By introducing the target gene into the bacteria to express it to get desired proteins, we get the transgenic bacterias. Since the proteins produced by fermentation are often ultimately used in the food industry, agriculture and healthcare. The safety of genetic bacterias is very important. The selection and designing of bacterias requires the following characteristics. Firstly, the bacterial fermentation process needs to have a high conversion rate and a high yield. Secondly, bacterias can use commonly used carbon sources for uninterrupted continuous fermentation. Thirdly, the strain is not a pathogenic bacteria, nor does it produce endotoxins. Fourthly, the metabolic process of the strain is artificially controllable. Fifthly, the genome of the strain can remain stable after proper DNA recombination.
In agriculture, genetically modified bacterias are mainly used in biological pesticides, crop fertilizers and pesticide degradation. For example, biological insecticides can be produced by introducing insecticidal genes. Such insecticides can kill pest larvae, but they are very safe for humans. Genetic engineering can also be used to increase the expression of nitrogen-fixing-related genes in rhizobia, so that crops can better absorb fertilizer. In addition, the use of chemical pesticides in the process of agricultural production can easily cause serious excess pesticide residues in agricultural products. Through genetic engineering screening of pesticide degradation genes, the efficient degradation of a variety of pesticides can be achieved.
Genetically engineered bacterias can be used as an overexpression platform for foreign proteins. Used in the production of medical vaccines, protein drugs, antibody drugs, and medical antibiotics.
Edible fermentation fungi in food production can also be modified through genetic engineering technology. In this way, the fermentation time is shortened, the fermented products are of high quality, and the yield of fermented foods is increased.
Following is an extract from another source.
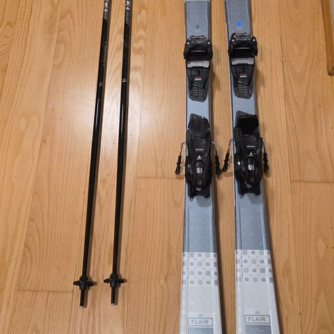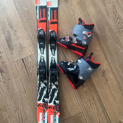 Völkl alpinski med lengde 155 cm. Skiene har fargerikt mønster på oversiden og svart underdel. Monterte alpinstøvler og bindinger følger med på bildene, alpinstøvelene er Dalbello Aerro 55. Skiene er egnet til alpinkjøring i bakke. Passer for brukere som trenger ski i lengde rundt 155 cm. Skiene har markerte monteringssoner for bindinger. Støvler er brukt en del men er helt fine unntatt litt slitt på bunn. De er i størrelse 33,9cm.(str 49 i vanlig størrelse) Skiene ser bra ut(er ikke en skiperson så vet lite om det) usikker på hvor mye det er verdt så gjerne kom med bud er fleksibel
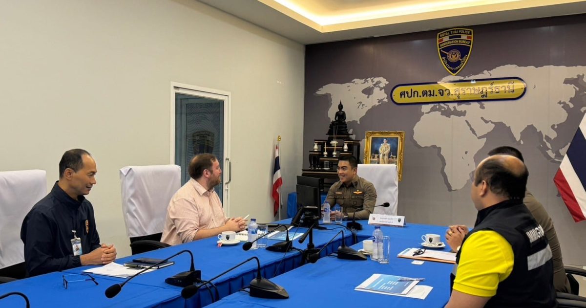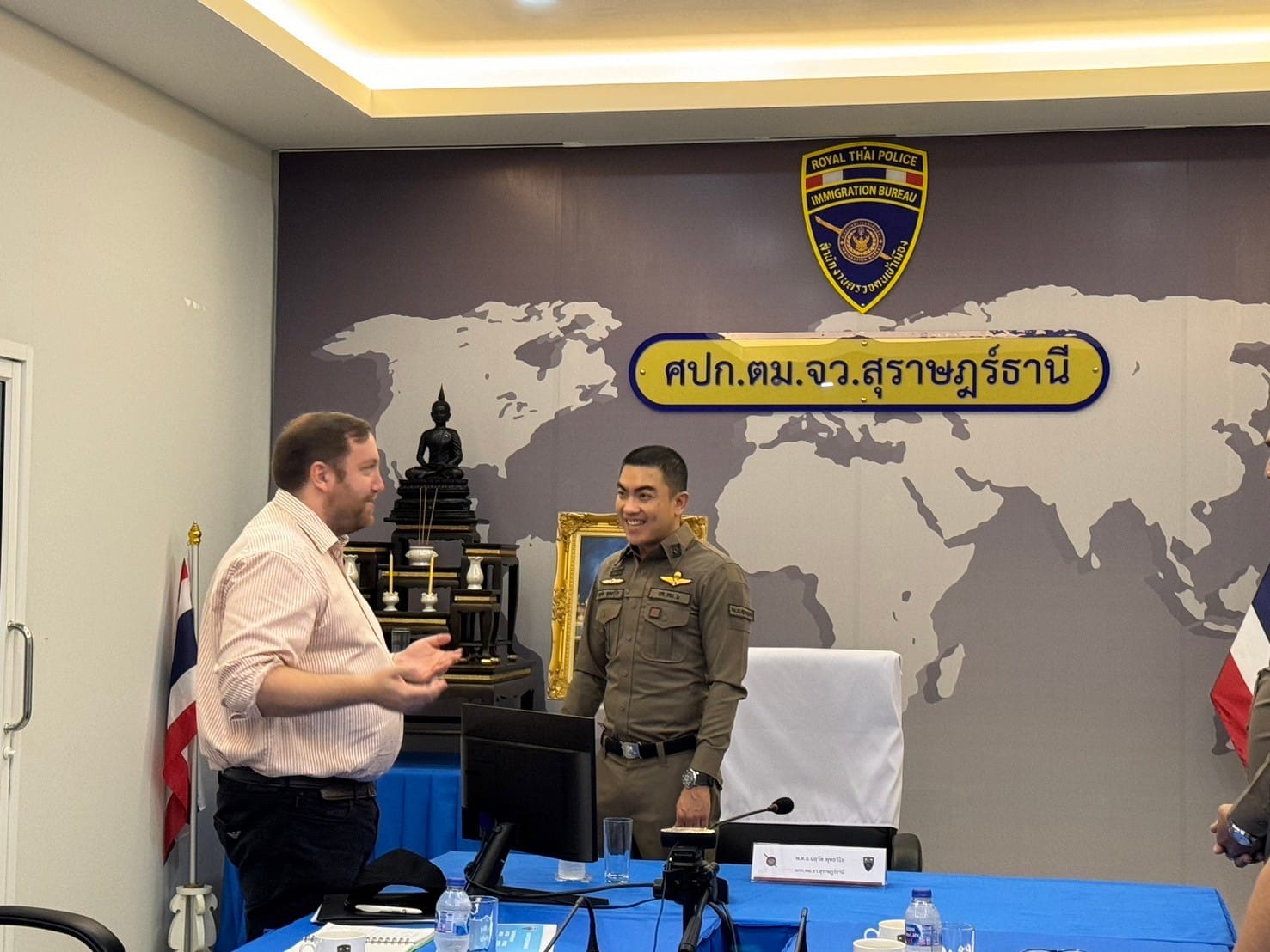วันที่ 30 ส.ค. 67 เวลา 9.30 น. นายโยสท์ เดอปั๊ปเพอะ (Mr.Joost Depaepe) กงสุล สถานเอกอัครราชทูตเบลเยียมประจำประเทศไทย ได้มาเยือน ตม.จว.สุราษฎร์ธานี (สมุย) โดยมี ว่าที่ พ.ต.อ.นฤวัต พุทธวิโร ผกก.ตม.จว.สุราษฎร์ธานี, พ.ต.ท.วัสส์ธนภูมิ กุลจิตติชุติพร รอง ผกก.ตม.จว.สุราษฎร์ธานี และ ร.ต.อ.อรุณ มูสิกิ้ม รอง สว.ตม.จว.สุราษฎร์ธานี ให้การต้อนรับและได้ประชุมหารือ แลกเปลี่ยน รับทราบข้อมูลทั่วไป และขอความร่วมมือในการช่วยเหลือชาวเบลเยียมในประเทศไทย ณ ห้องประชุม ศปก.ตม.จว.สุราษฎร์ธานี (สมุย)

For example, by cultivating genetically modified bacterias that can degrade plastics and purify sewage. These environmentally friendly genetically engineered bacterias play an important role in the convenience of environmental protection.
Similar to transgenic animals and plants, the construction of transgenic bacterias is mainly divided into the following steps, including target gene acquisition, gene expression vector construction, target gene introduction into recipient cells, recipient cell proliferation, and transgene identification. Bacteria is a single-celled organism. On the one hand, you can use it as a host to assemble various types of target genes into a cell. On the other hand, you can use genetically modified bacterias to produce protein products. The high-throughput htDNA-chip® technology platform can be mainly applied to the screening and amplification of target genes and the results identification.
In terms of target gene screening, our silicon-based high-throughput htDNA-chip® platform can meet your target gene screening needs by constructing a DNA library with high efficiency. In terms of target gene amplification, the silicon-based high-throughput htDNA-chip® platform can achieve target gene amplification through high-throughput synthesis of nucleotide chains.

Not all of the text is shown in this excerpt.